Nous ne devons pas être obnubilés par ces pratiques passéistes. Mieux vaut positiver le message des citoyens. Ne faut-il pas entendre qu’on attend des projets et des valeurs de la part des politiques, et non pas des cancans de la part des politiciens ? Ne faut-il pas se convaincre qu’on espère de l’exemplarité de la part des leaders d’opinion, et non pas de la rhétorique de caniveau ou des clichés ne véhiculant que populisme et démagogie ?
Il faut aussi tirer les enseignements de l’émergence de la liste « Pou Gwadloup an nou ay ». Certes Cédric Cornet apporte une nouvelle fraîcheur de style, mais est-ce suffisant ? Attention au populisme même juvénile. Il est sans doute dépositaire d’un vote protestataire contre une certaine classe politicienne (« menm bèt menm pwèl »), qui dépasse le simple cadre de la jeunesse. Mais voter contre n’est pas suffisant… La classe politique a sans doute besoin d’un aiguillon stimulant mais il serait exagéré de voir en lui le représentant de toute la jeunesse guadeloupéenne. Il a cependant tous les outils pour une belle réussite aux côtés de ses aînés, s’il sait se mettre au travail pour mieux maîtriser l’étendue (et les limites) des compétences et des finances régionales.
Quels défis ?
Le principal défi à relever est d’entrer de plain pied dans une Guadeloupe de développement maîtrisé grâce à des projets… réussis. L’écologie, la formation et l’économie sont bien entendus des champs de la plus haute importance. Mais si la question statutaire est résolue avec l’élection de Victorin Lurel, la question institutionnelle reste ouverte, comme cadre d’un progrès réussi. Le congrès des élus s’était donné 18 mois de réflexion pour travailler à un nouveau contrat social comme base de notre projet de société, ainsi que les nouvelles organisations institutionnelles nous permettant de le faire vivre. Il ne reste plus que 9 mois, pour décider nous-mêmes. On sait que l’Etat est pressé, mais il est important que nous construisions nous-mêmes notre projet sans se laisser imposer son contenu, sa forme ou son calendrier.

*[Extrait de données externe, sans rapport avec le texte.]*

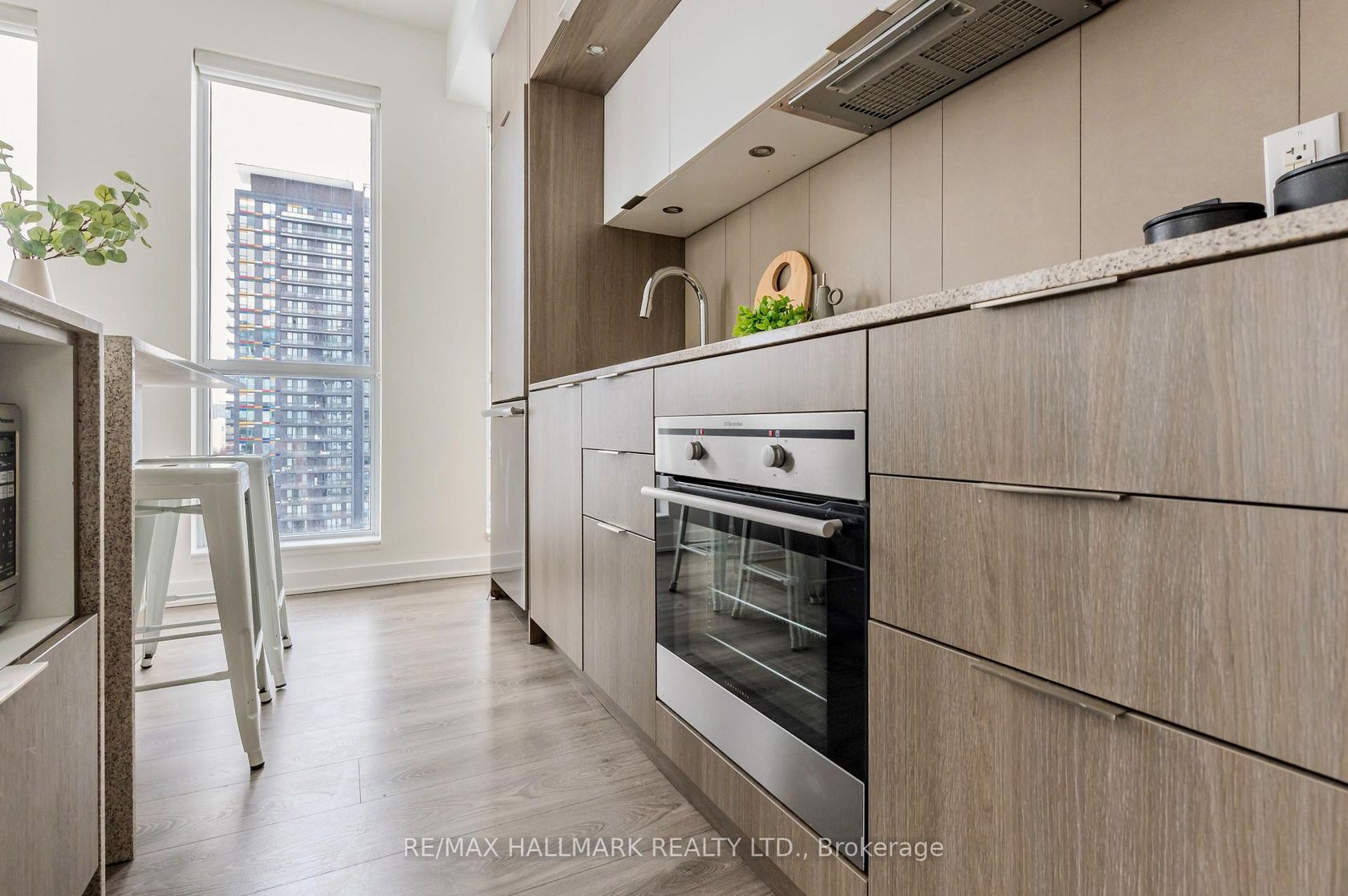 This thoughtfully designed 1 bedroom, 1 bathroom bright corner suite on the 14th floor, offers 691 sq ft plus a 59 sq ft balcony, with floor to ceiling windows that flood the space with natural light throughout the day and stunning city views. Functional open concept layout featuring a modern kitchen with island, granite countertops, stainless steel appliances, and engineered wood floors. The living and dining areas connect seamlessly, creating a comfortable space for everyday living and entertaining. Spacious bedroom, full bathroom, and a welcoming foyer with storage and coat closet add to the suite's practicality.Well maintained and move in ready with in suite stacked washer and dryer, window blinds, all existing light fixtures, one parking space, and one locker included.Located at One Park Place, residents enjoy exceptional amenities including a large fitness centre, yoga and pilates studio, squash courts, half court basketball gym, party room, billiards room, media room, rooftop terrace with BBQ areas and gardening plots, guest suites, visitor parking, bike storage, 24 hour concierge, and security.Prime Regent Park location steps to parks, cafes, community spaces, groceries, TTC, and easy access to downtown. Ideal opportunity for first time buyers, investors, or anyone seeking a bright, efficient condo in a vibrant and connected neighbourhood.Maintenance fees include water, gas for heating, building insurance, and common elements.

Quelles que soient nos solutions, il nous faudra les assumer. C’est une véritable culture de la responsabilité que nous avons à promouvoir. La responsabilité des élus, qui doivent appliquer effectivement le programme pour lequel nous les avons élus, et en rendre compte. La responsabilité aussi des candidats perdants, qui doivent accepter le pouvoir des urnes, et l’expression des citoyens. Mais il ne faut pas non plus minimiser la responsabilité des citoyens, et du peuple dans son ensemble. Participer au développement du pays notamment par l’écologie et le développement durable, c’est aussi s’engager à des changements de comportement. Construire, défendre, conforter une réelle démocratie, c’est aussi continuer de refuser les méthodes éculées du clientélisme et du clanisme (les « enveloppes » de la vénalité, les ordres parisiens ou des marionnettistes locaux), et même le « debrouya pa péché », qui assassinent l’intérêt collectif au profit de l’intérêt personnel.
L’avenir est ouvert. L’essentiel est de se mettre au travail, ensemble, dans le respect des différences en même temps que dans le projet partagé.